The second counterclaim for tortious interference with economic relations and third counterclaim for abuse of process are not pleaded with sufficient particularity to satisfy the relevant pleading standards. See Bell Atl. Corp. v. Twombly, 550 U.S. 544, 555, 127 S.Ct. 1955, 167 L.Ed.2d 929 (2007) (requiring pleading of factual allegations sufficient "to raise a right to relief above the speculative level").

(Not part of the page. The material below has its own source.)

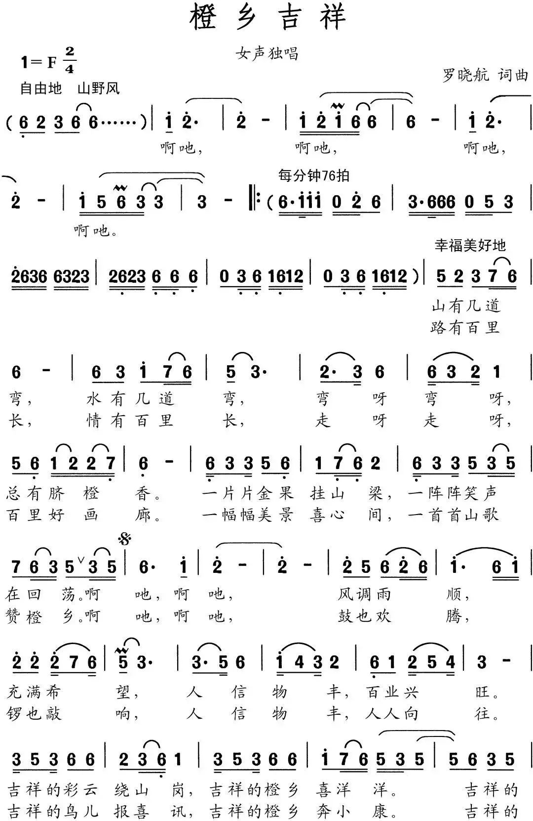 《橙乡吉祥》赞颂了这美丽的风景线、亮丽的生态带、壮丽的经济廊。描绘了橙乡人民满怀豪情奔小康的火热生活。歌词情真意切、清雅自然,曲调优美动听,富有浓郁的民歌风。

Taken together, the factual allegations in the "Facts Common to all Counterclaims" and allegations of these counterclaims, at most, suggest that Plaintiffs initiated this action with some ulterior motive to harm Defendants and that Defendants may suffer unwarranted harm, including harm to their reputations, as a result (at least presuming successful defense of the FCA claim).

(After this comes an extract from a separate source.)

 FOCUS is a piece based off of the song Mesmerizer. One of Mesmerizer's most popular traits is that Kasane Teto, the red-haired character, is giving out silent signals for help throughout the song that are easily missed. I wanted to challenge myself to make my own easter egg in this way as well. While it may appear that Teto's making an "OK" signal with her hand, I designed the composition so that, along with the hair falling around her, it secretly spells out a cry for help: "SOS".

There are no factual allegations which suggest that Defendants have, in fact, suffered any interference with economic relations. Neither are there any factual allegations which would support an inference that any harm to economic relations was the result of something other than the litigation itself or otherwise resulted from nonprivileged actions. Thus, the factual allegations do not raise a right to relief above the speculative level.

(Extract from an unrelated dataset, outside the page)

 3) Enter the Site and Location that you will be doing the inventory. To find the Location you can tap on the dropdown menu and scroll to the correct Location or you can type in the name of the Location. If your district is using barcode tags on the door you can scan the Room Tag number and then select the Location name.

Similarly, as to the abuse of process counterclaim, there are no factual allegations which would support an inference that Plaintiffs have undertaken "a willful act in the use of the process not proper in the conduct of the proceeding." See, e.g., Argoe v. Three Rivers Behavioral Ctr. & Psychiatric Solutions, 388 S.C. 394, 697 S.E.2d 551, 556 (2010) (reciting elements and noting that the abuse of process cause of action "provides a remedy to one damaged by another's perversion of a legal procedure for a purpose not intended by the procedure"). At most, Defendants' allegations support an inference that the action was filed with an ulterior purpose of harming Defendants. This is not enough as improper purpose is only one of the elements of a claim for abuse of process.
Defendants seek leave to amend if the court finds the pleadings insufficient. See Dkt. No. 58 at 9 n. 1. Despite this, and despite Plaintiffs having pointed to all of the deficiencies noted herein, Defendants do not suggest any facts or changes which might cure the various deficiencies.
If Defendants elect to assert amended counterclaims, as of right or through motion to amend, they shall set forth their counterclaims with sufficient particularity to support inferences satisfying the elements of the causes of action, the independent nature of the damages, and the absence of privilege.
Plaintiffs' motion to dismiss the counterclaims is granted for the reasons set forth above. Dismissal of the fifth through seventh counterclaims is with prejudice. Dismissal of the first through fourth counterclaims is without prejudice subject to the caveats above regarding amendment.
IT IS SO ORDERED.
Lash also construes Madden to save all claims for independent damages even if the qui tam defendant is held liable for FCA violations. See Lash, 586 F.3d at 1209 ("Madden directly addresses two key questions that underlie our analysis in this case: First, are any of CTI's claims appropriately considered `independent claims'? Second, has there been a finding of liability that would preclude dependent claims that might in effect give CTI an indemnity?"); id. ("Under Madden, CTI may advance independent claims without regard to an eventual finding of liability under the FCA.... It is incumbent on the district court to separate those claims for damages which `only have the effect of offsetting liability' from those that are not dependent on a qui tam defendant's liability under the FCA."). While this conclusion may be correct, it seems contrary to language in Madden which appears to suggest that even independent claims might be dismissed if they had the effect of indemnification or contribution.